Residents of Louisiana, who had to flee their homes because of Hurricane Katrina, are inside the Houston Astrodome and being helped by the Red Cross and other agencies and associations. (FEMA photo library)

And then during the season, we’re basically on call, ready to go. And if there’s just one storm out there, it’s one thing, but if you’re dealing with four storms at the same time — which happens quite often — that’s all hands on deck.

But it’s not just the hurricane specialists. A part of the National Hurricane Center that most people don’t get to see is the whole team of forecasters we have in the tropical analysis forecast branch.
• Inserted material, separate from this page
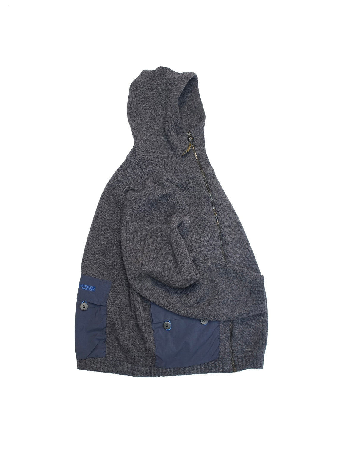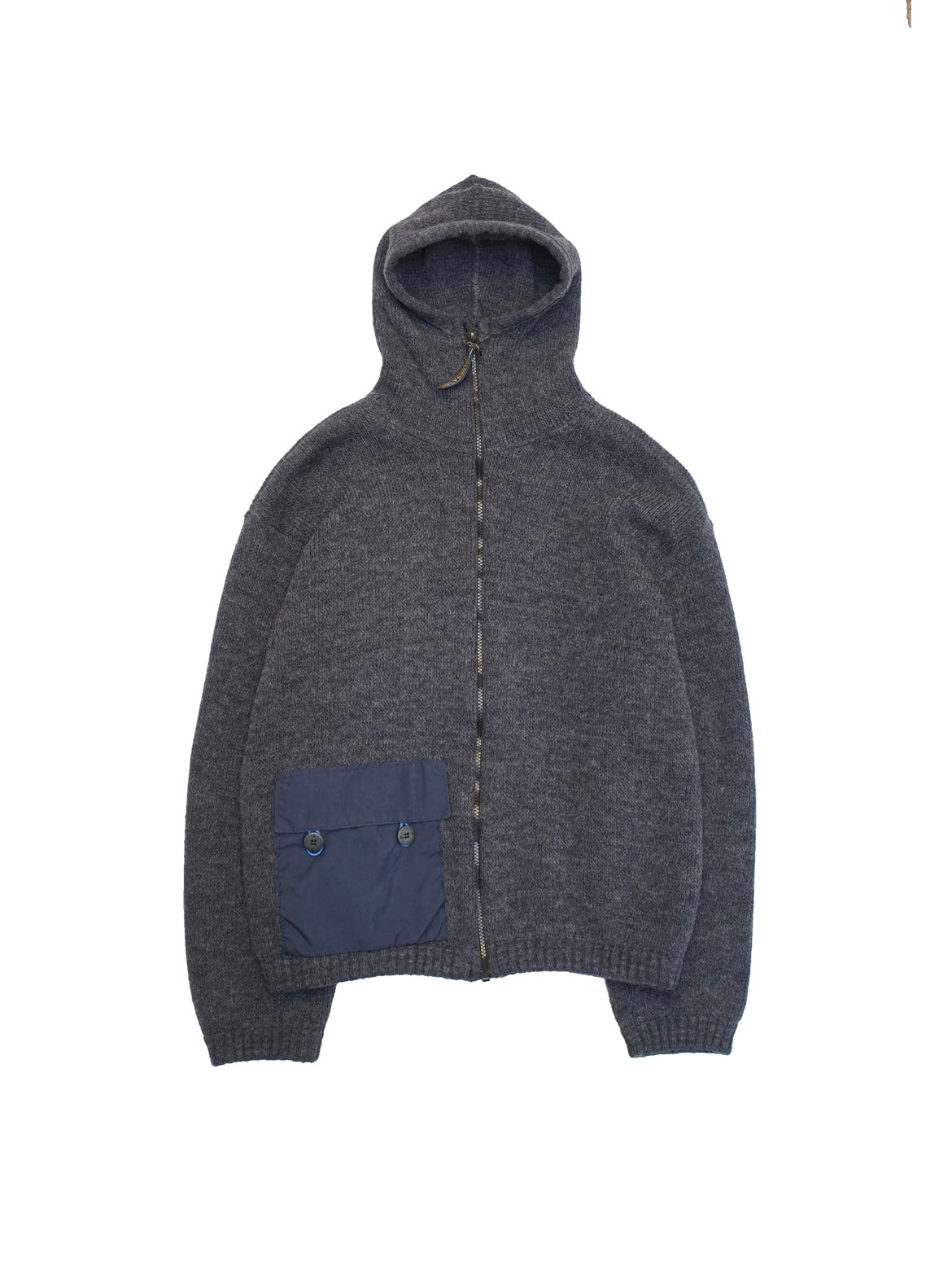 コンパクトなシルエットのジップアップニットフーディー。口元まで隠れるバラクラバフード仕様。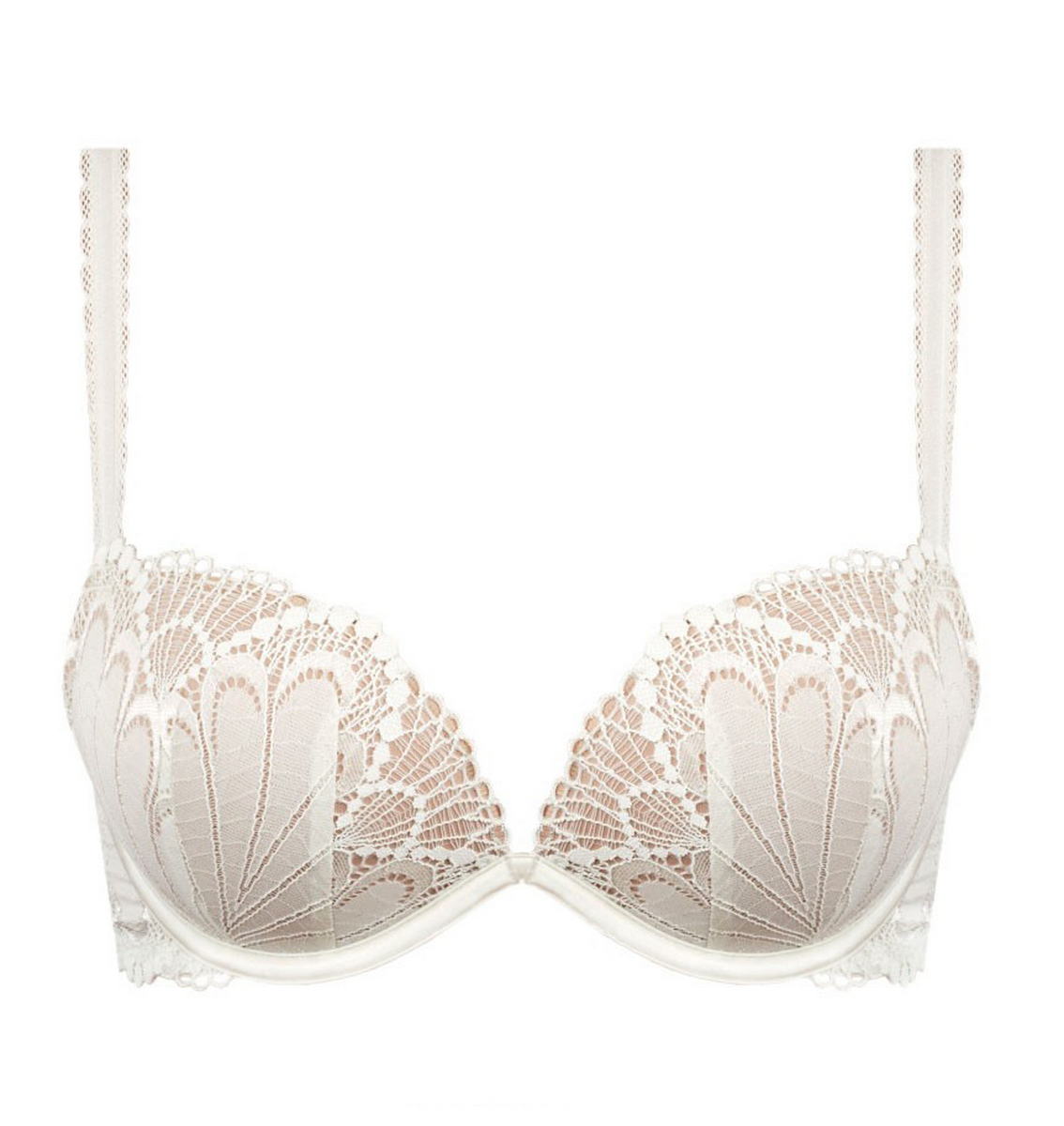 Бюстгальтер - пуш ап с интегрированными подушками, которые наполнены гелем и воздухом, которые придают визуально дополнительный объем до двух размеров. Чашки покрыты невероятно изысканным кружевом с орнаментом "арабески". Тонкая центральная панель. Боковые и задние панели выполнены из эластичной сетки. Глубокий декорированный вырез декольте. Регулирующиеся бретели можно носить крест-на-крест.

Twenty-four hours a day, all year, they’re actually issuing marine forecasts for the Atlantic and the Pacific, a big chunk of those oceans, and also for the Gulf of Mexico, keeping ships safe and keeping everybody safe on the seas.

TWN: I know the center’s forecast for the upcoming hurricane season doesn’t come out until May 24, but do you have any last words of advice for people that want to get ready now for what’s ahead this summer and next fall?

KG: All indications are that the models are pointing to another La Nina season, which means it’s probably going to be another busy season.

My advice, independent of the seasonal forecast, is this: If there’s one severe storm on Earth and it hits you, it was a busy hurricane season. So you have to be ready, every single year, as if you’re going to be hit. Little wiggles in the forecast track matter. Just because it didn’t happen last time, doesn’t mean it won’t happen this time. So it’s all about knowing your risk and being ready.